Key Concepts: Tort Liability Negligence
• Sport managers are negligent when:
– They commit an act/omission causing injury to a
person to whom they owe a duty of care
– Negligence imposes a duty to refrain from
careless acts
• Plaintiff must show that sport manager (defendant)
owed plaintiff a duty of care and breached it.
– A duty of care arises from a:
1. Relationship inherent in the situation
2. Voluntary assumption of the duty of care
3. Duty mandated by law
Key Concepts: Vicarious Liability
• Allows plaintiff to sue superior for the negligent acts
of a subordinate
• Employer need not be negligent to be liable.

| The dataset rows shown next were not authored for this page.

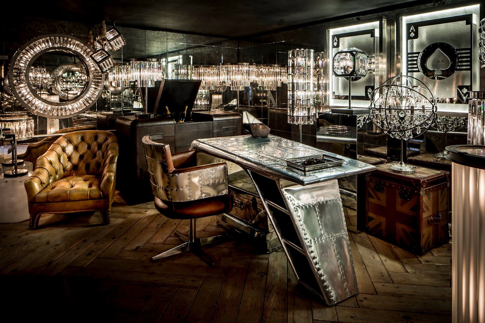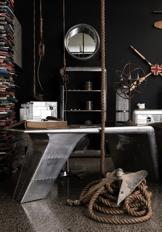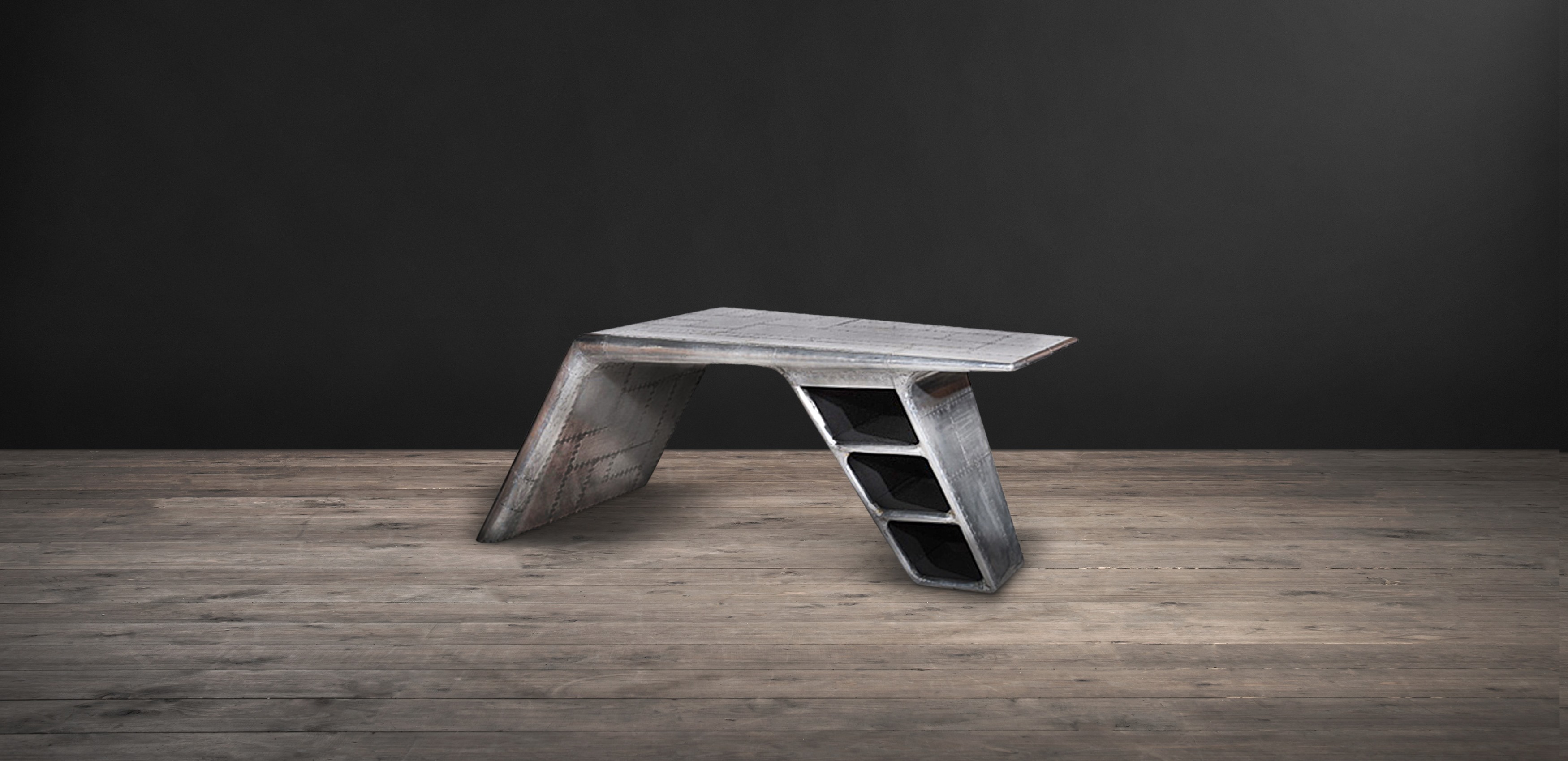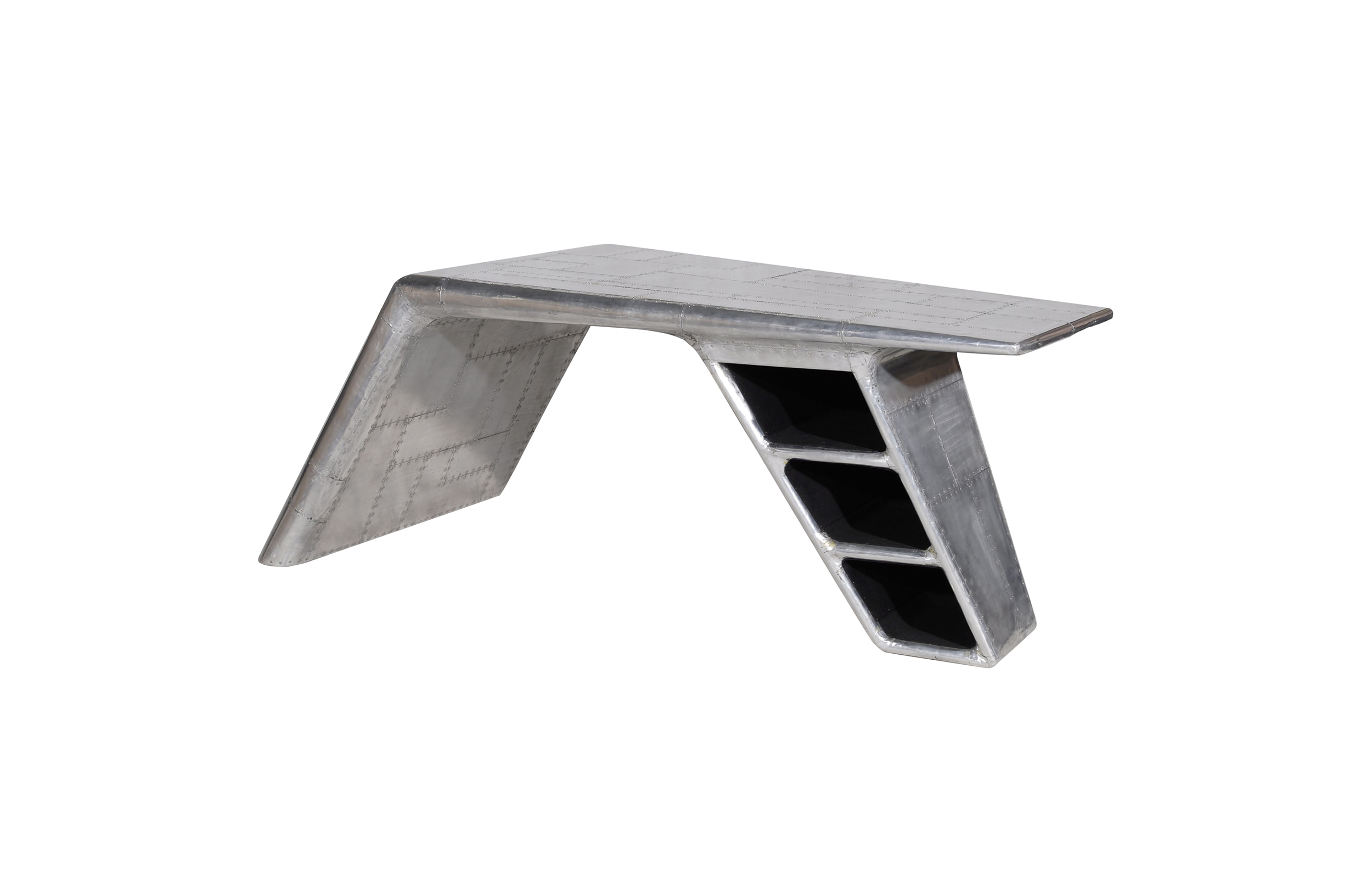 Aviator Valkyrie Desk(飞行员瓦尔基里台)由英国著名火狐HUOHU(中国)Timothy Oulton设计,灵感来源于1960年北美航空的超音速轰砸飞机XB70,并以此命名。瓦尔基里台用铆接铝板制造,弧形线条符合空气动力学,有如一双机翼,通过手工艺进行打磨,进行磨光,座子整体造型有如喷火战机或黑色喷火式战斗机。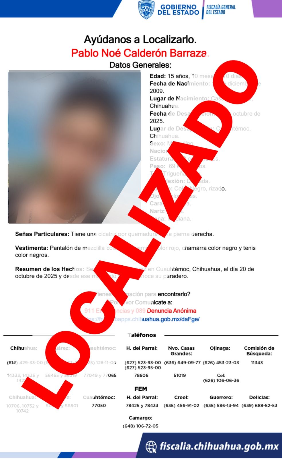 Al ser localizado, el menor, de 16 años de edad identificado con las iniciales P.N.C.B., manifestó ante el Ministerio Público y agentes de la Unidad de Investigación de Personas Desaparecidas y /o Ausentes, que salió de su domicilio en forma voluntaria.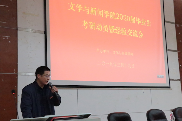 随后,由研究生院副院长周广为同学们做考研形势和政策宣讲。他从三个方面给大家提出了建议:一是信息搜集,大家应该重视考研前的信息搜集工作,提前了解考研现状、拟报考学校的相关信息。二是确定目标。他建议大家根据相关信息以及自身情况来确定目标,多角度考虑问题。三是心态的调整,注意学习方法、关注时事,并且劳逸结合,抵制诱惑,充满信心,认真准备。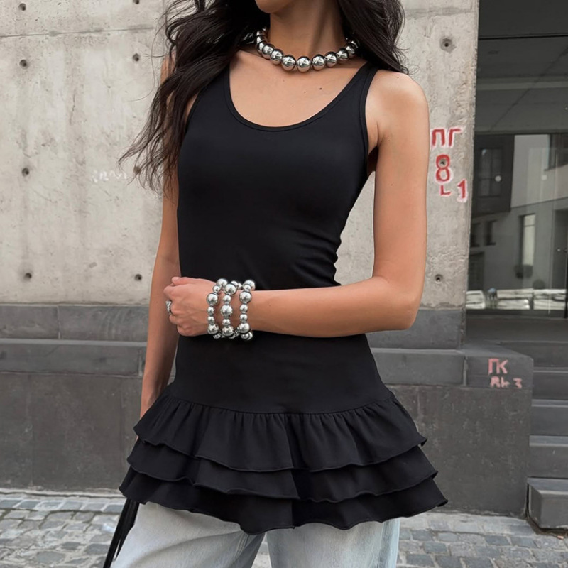 Black Mid-length Sleeveless Tank Top With A Tiered Cake Skirt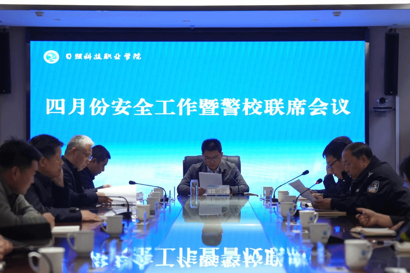 为筑牢校园安全防线,压实安全管理责任,深化警校协同联动,4月9日,日照科技职业学院召开四月份安全工作暨警校联席会议。会议由学院党委委员、院长助理王顺鹏主持,各二级单位负责人及警务室驻校民警参会。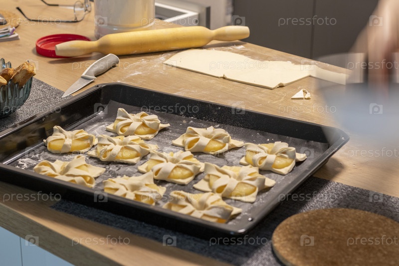 Фотография дольки ананаса, завернутой в слоеное тесто, на противне на кухонном столе, Дом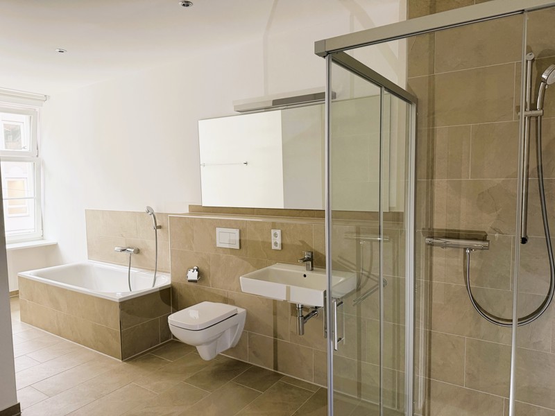 Früher bekannt als „Baderhaus“, treffen heute im „Baderhome“ Tradition und Moderne aufeinander – von außen eine wunderschöne barocke Fassade mit altehrwürdigem Charme, von innen 29 hochmoderne Neubau-Wohnungen mit einzigartigen Grundrissen für Individualisten mit Anspruch an höchsten Wohnkomfort: Eichenparkettboden mit Fußbodenheizung, dreifachverglaste Schallschutzfenster, hochwertige und vollständig ausgestattete Einbauküchen mit Markengeräten, Malervlies als Wandverkleidung, modern geflieste Bäder mit Markenarmaturen, Gegensprechanlage mit Videofunktion, Breitbandkabelanschluss in allen Räumen und viele Annehmlichkeiten mehr. Die meisten Wohnungen verfügen über einen Außenbereich in Form eines Balkons oder einer Dachterrasse. Eine Aufzugsanlage bringt Sie bequem auf Ihre gewünschte Etage. Ein Hausmeisterservice kümmert sich liebevoll um die Pflege und Instandhaltung des Objektes und der Außenanlagen.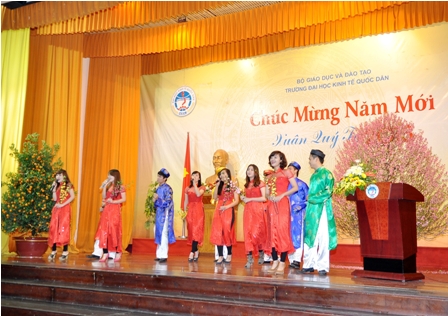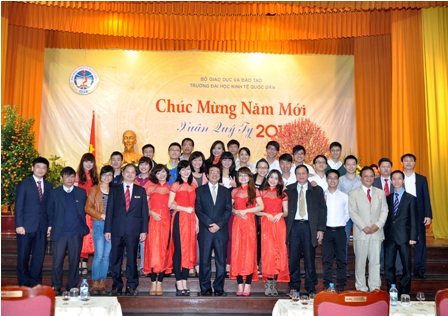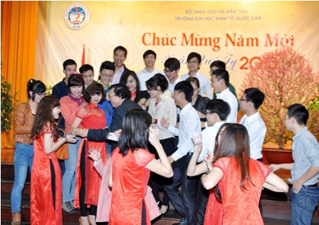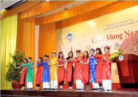 Buổi lễ gặp mặt đầu xuân và chúc mừng năm mới đã diễn ra trong khí tưng bừng, náo nhiệt. Những lời ca tiếng hát, những ly rượu nồng, những nụ cười rạng rỡ cùng những lời chúc mừng tốt đẹp nhất báo hiệu khởi đầu cho một năm mới đầy sức khỏe, thành công và hạnh phúc cho mỗi thành viên dưới mái nhà Đại học Kinh tế Quốc dân và chúc cho ngôi nhà chung của chúng ta sẽ ngày một thêm phát triển vững mạnh, xứng danh với “thương hiệu” một trường Đại học hàng đầu trong khối các trường đào tạo về Kinh tế và Quản trị Kinh doanh.

• Three defenses available:
– Employee was not negligent.
– Employee was not acting within scope of
employment.
– Employee was an independent contractor.
Key Concepts: Agency Law
• Agency describes a relationship in which one
party, the agent, agrees to act for and under
the direction of another, the principal.
• Purpose of agency law is to establish duties
that principals and agents owe each other.
• Agency law is an important component of
player representation industry.
Key Concepts: Agency Law (cont.)
• Fiduciary duties inherent in principal–agent
relationship
– Principal’s fiduciary duties:
1.To comply with a contract if one exists
2.To compensate the agent for his or her service
3.To reimburse the agent for any expenses incurred
while acting on the principal’s behalf
Key Concepts: Agency Law (cont.)
– Agent’s fiduciary duties:
1.To obey
2.To remain loyal (disclose conflicts of
interest)
3.To exercise reasonable care
4.To notify
5.To account (for information and
finances on a reasonable basis)
Key Concepts: Contract Law
• Contract: Written or oral agreement between two or
more parties; creates legal obligation to fulfill the
promises
– Sport managers negotiate and enter into contracts
regularly with or without legal advice.
• A valid contract must have the following elements:
– Offer and acceptance (mutual assent)
– Consideration (value)
– Legality (subject matter legal and not against
public policy)
– Capacity (disaffirm at any time)
Key Concepts: Contract Law (cont.)
• Breach: Contract “promise” is broken
– Full (entire contract) or partial (some provisions)
– Remedy usually money, can be injunction
• Waiver and releases: Contract in which participant
gives up right to sue
– Waiver signed before participation in activity.
– Release signed after participation in activity.
– Legality and enforcement varies in different
jurisdictions.
– Sometimes ruled invalid per public policy.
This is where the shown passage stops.